Hermana, hermano, yo, tú, cada uno de nosotros somos amados con amor eterno. Somos ceniza sobre la que Dios sopló su aliento de vida, somos tierra que Él plasmó con sus manos (cf. Gn 2,7; Sal 119,73), somos polvo del que resurgiremos para una vida sin fin preparada desde siempre para nosotros (cf. Is 26,19).
Y si en la ceniza que somos arde el fuego del amor de Dios, entonces descubrimos que estamos modelados por este amor y que somos llamados al amor; que se concretiza en amar a los hermanos que tenemos a nuestro lado, estar atentos a los demás, vivir la compasión, ejercitar la misericordia, compartir lo que somos y lo que tenemos con quien lo necesita.

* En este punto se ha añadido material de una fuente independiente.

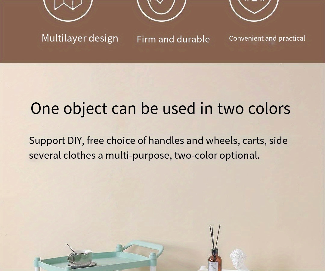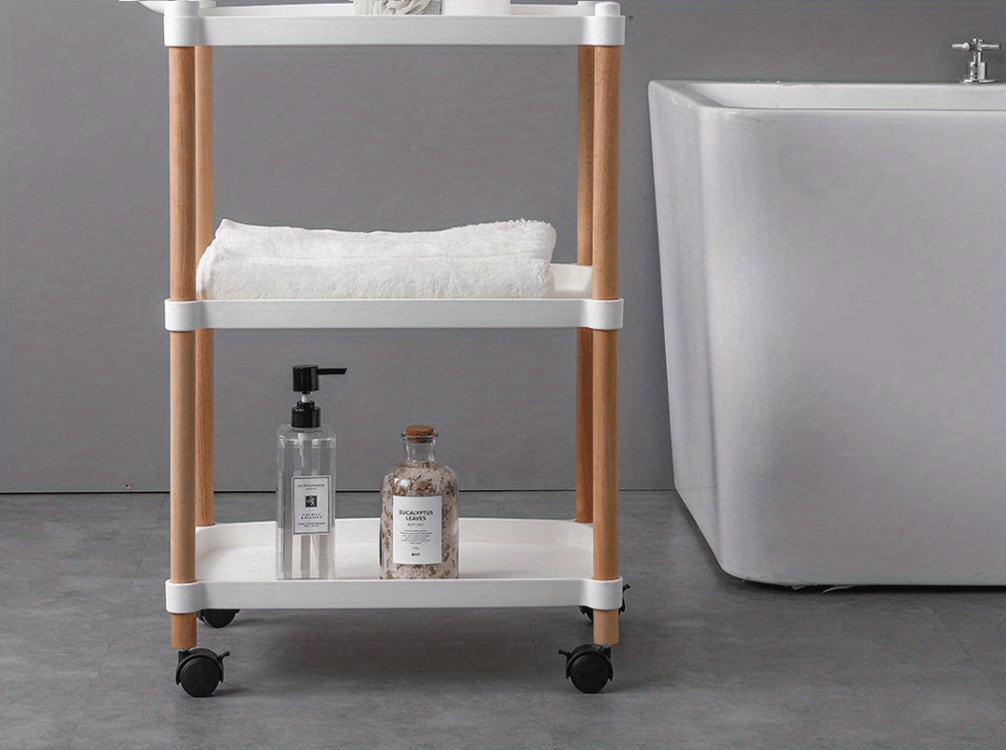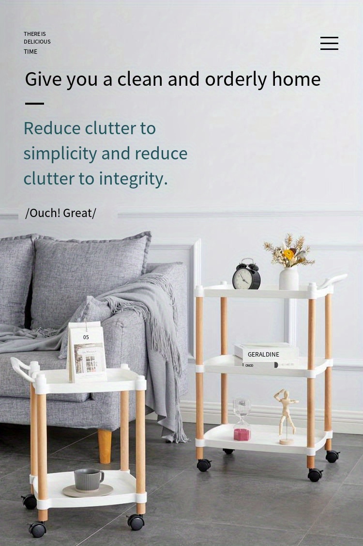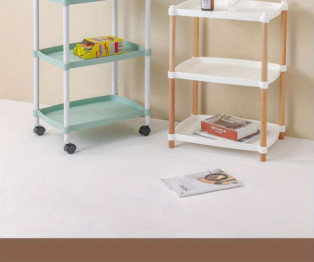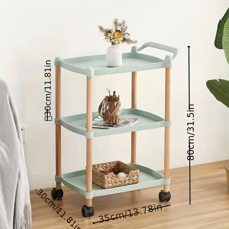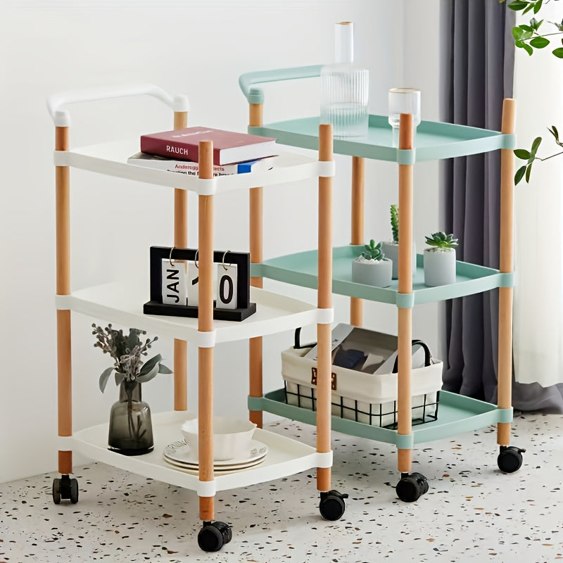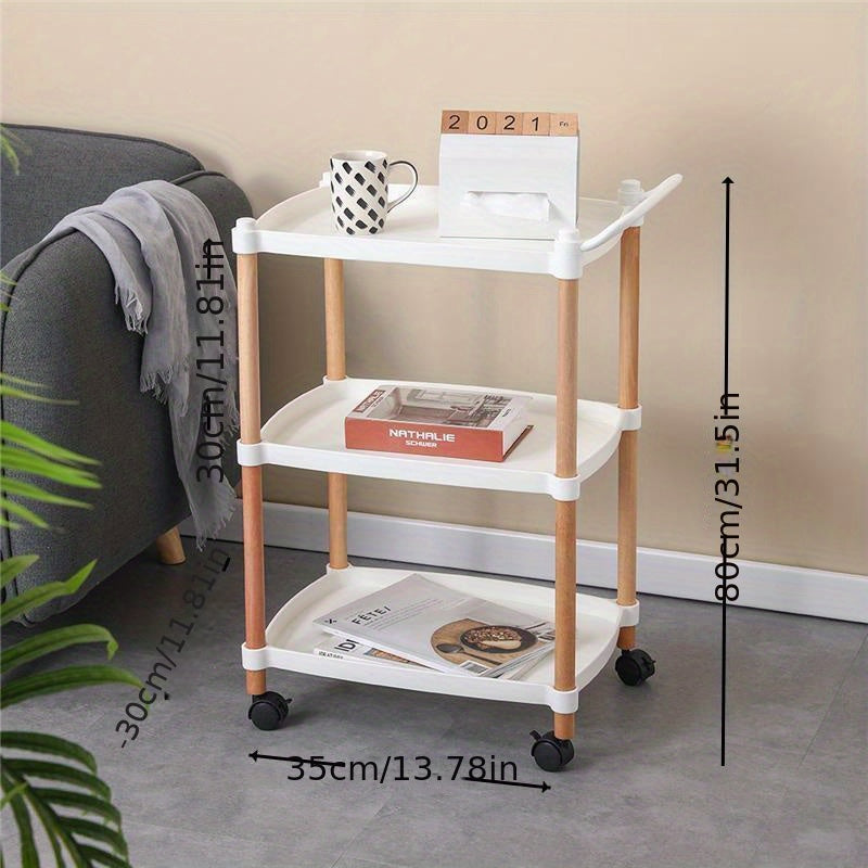 1pc Removable Beech Trolley Storage Rack, Multi-functional Storage Car, Cosmetics And Snacks Storage Rack, Home Kitchen Bathroom Supplies

Por eso la limosna, la oración y el ayuno no pueden reducirse a prácticas exteriores, sino que son caminos que nos reconducen al corazón, a lo esencial de la vida cristiana. Nos hacen descubrir que somos polvo amado por Dios y nos vuelven capaces de esparcir el mismo amor sobre la “ceniza” de tantas situaciones cotidianas, para que en ellas renazca esperanza, confianza y alegría.
San Anselmo de Aosta nos dejó una exhortación que esta tarde podemos hacer nuestra: «Huye un momento de tus ocupaciones, apártate por un instante de tus tumultuosos pensamientos. Deshazte de las preocupaciones que te agobian y pospón tus laboriosos quehaceres. Entrégate un poco a Dios y descansa un instante en Él. “Entra en el aposento” de tu espíritu, ahuyenta todo excepto a Dios y lo que te ayude a hallarle, y una vez cerrada la puerta búscale. Ahora di “corazón mío”, di todo entero ahora a Dios: Busco tu rostro, Señor; tu rostro es lo que busco» (Proslogion, 1).